Number of 11-digit positive integers with non-decreasing digits

Question

Number of 11 digit positive integers with non decreasing digits and finding the sum of digits of N

Citing the above question previously asked on this site, I have an alternate approach to this. I have used a systemic approach, analyzing what happens in different cases:

Case-I: Numbers formed only by 1 digit: The number of numbers, in this case, becomes $^9C_1(\times^{10}C_{10})=9,$ i.e, $9$ ways to choose the number from the set $\{1,\,2,\,…,\,9\}$ and $^{10}C_{10}=1$ way to choose the position where we increment the number, i.e. no increment is possible (as we have chosen the numbers formed only by 1 digit).

Case-II: Numbers formed by 2-digits: The number of numbers, in this case, becomes $^9C_2\times^{10}C_{9}=9.$

Similarly, casing for the rest we, find the general formula.

$\therefore N=\sum_{i=1}^{9} {9}C_i\times^{10}C_{11-i}$

But, using this summation, I am getting a wrong answer compared to what is given in the book. Can anyone please highlight the fault in my method above?

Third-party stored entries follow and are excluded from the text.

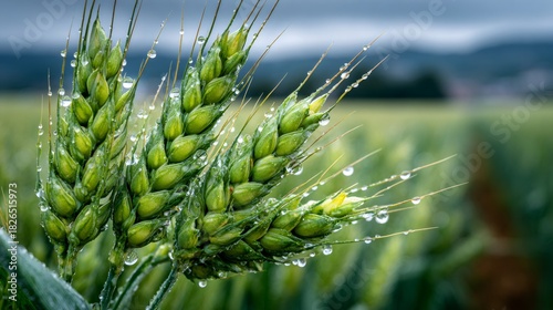 © Lubos Chlubny, Naklejka premium Green wheat ears covered in fresh rain drops
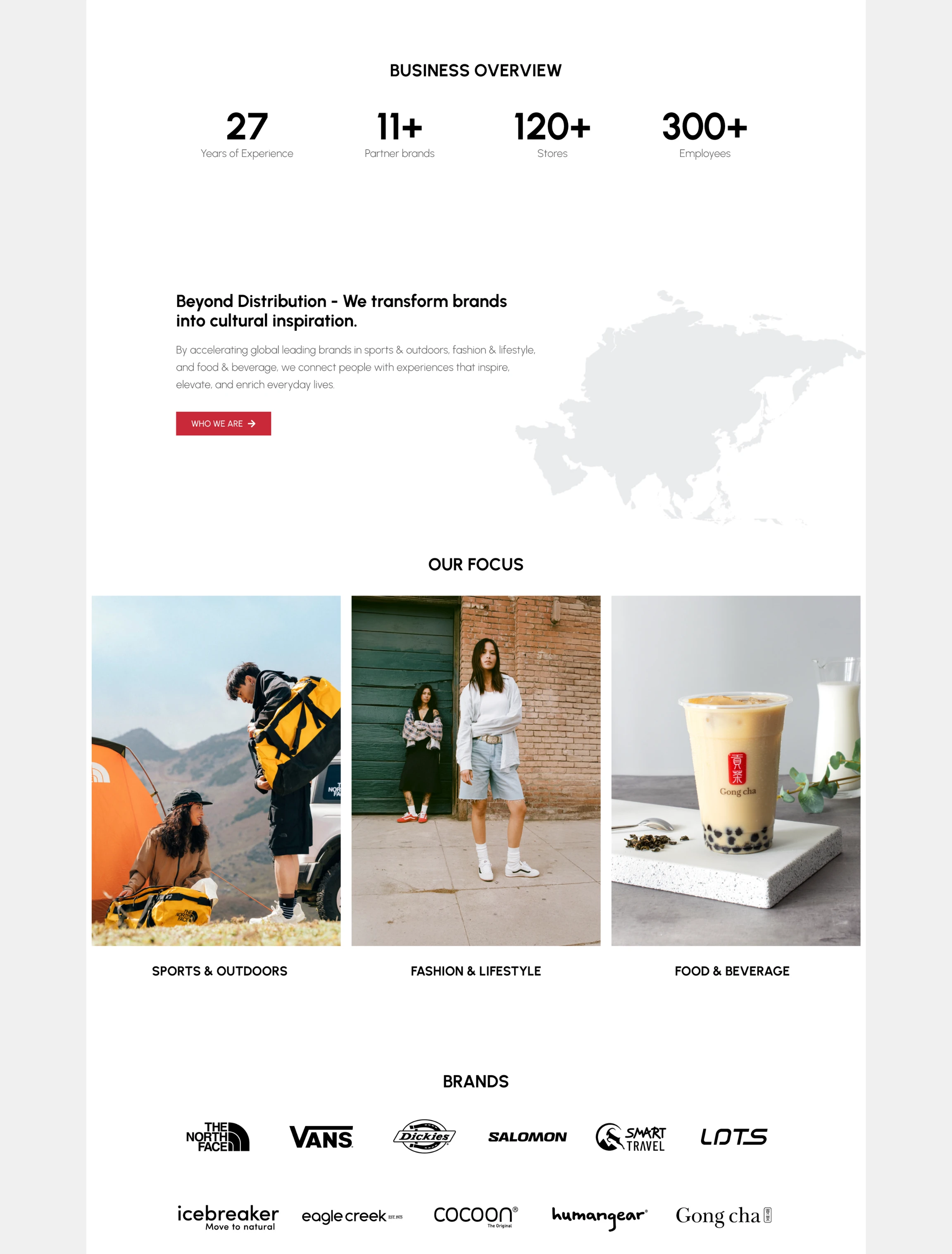 - Presenting a diverse portfolio of international brands across multiple categories (Sports & Outdoors, Fashion & Lifestyle, Food & Beverage) under one unified and strong corporate identity.
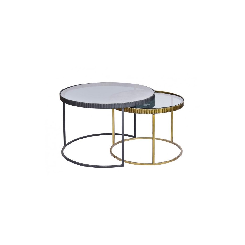 Set dvou konferenčních stolků YAMIR od italského výrobce kvalitního nábytku BIZZOTTO v krásné kombinaci oceli a skla.
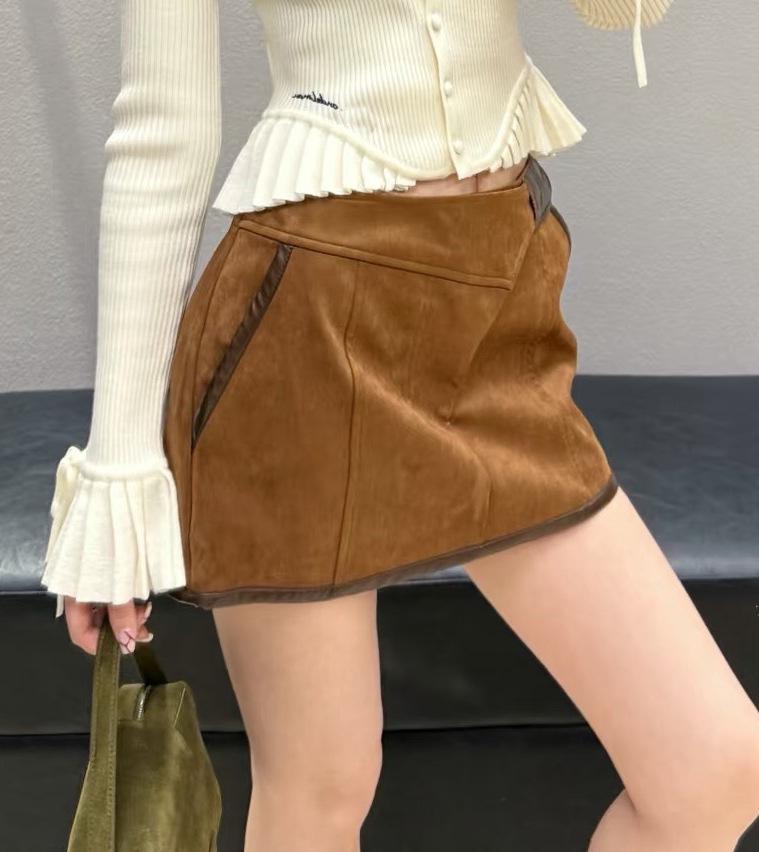 Nanyou Retro A-Line High Waist Brown Leather Mini Skirt for Women
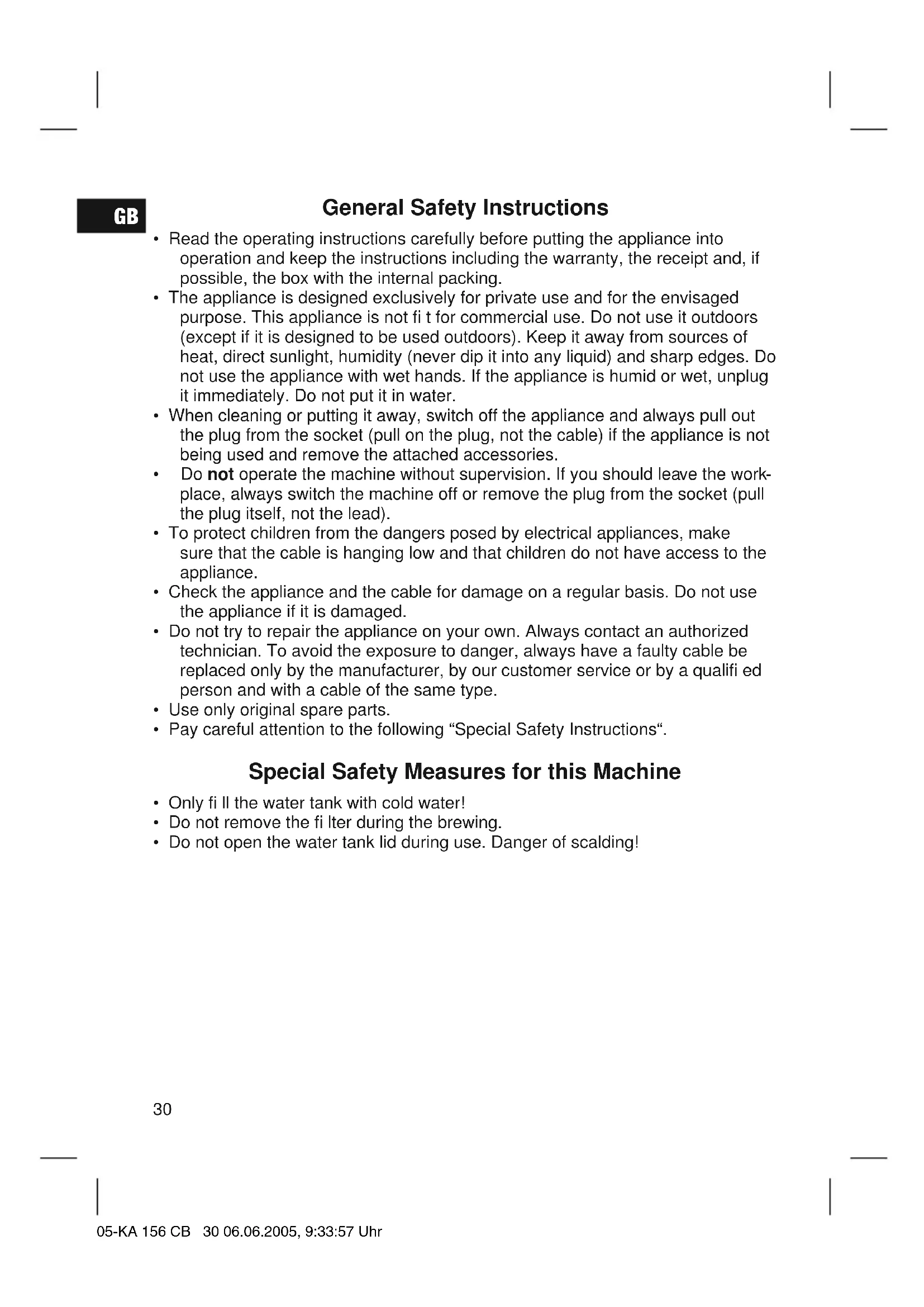 - Do not open the water tank lid during use. Danger of scalding! 05-KA 156 CB 30 06.06.2005, 9:33:57 UhrGB

Edit: Thanks for the helpful answer for that alternate approach. I found out that my mistake just boiled down to a miscalculation. Anyways, thanks a ton!

Answer 1

You have correctly counted the number of eleven-digit positive integers with non-decreasing digits. However, you have not found the sum of those numbers (if that is your goal).

Let's do the problem another way first. Observe that a positive integer with non-decreasing digits is completely determined by how many times each digit appears. For instance, if the digits of the $11$-digit number include one $6$, one $7$, two $3$s, three $5$s, and four $8$s, it must be the number $33555678888$ since the digits are non-decreasing.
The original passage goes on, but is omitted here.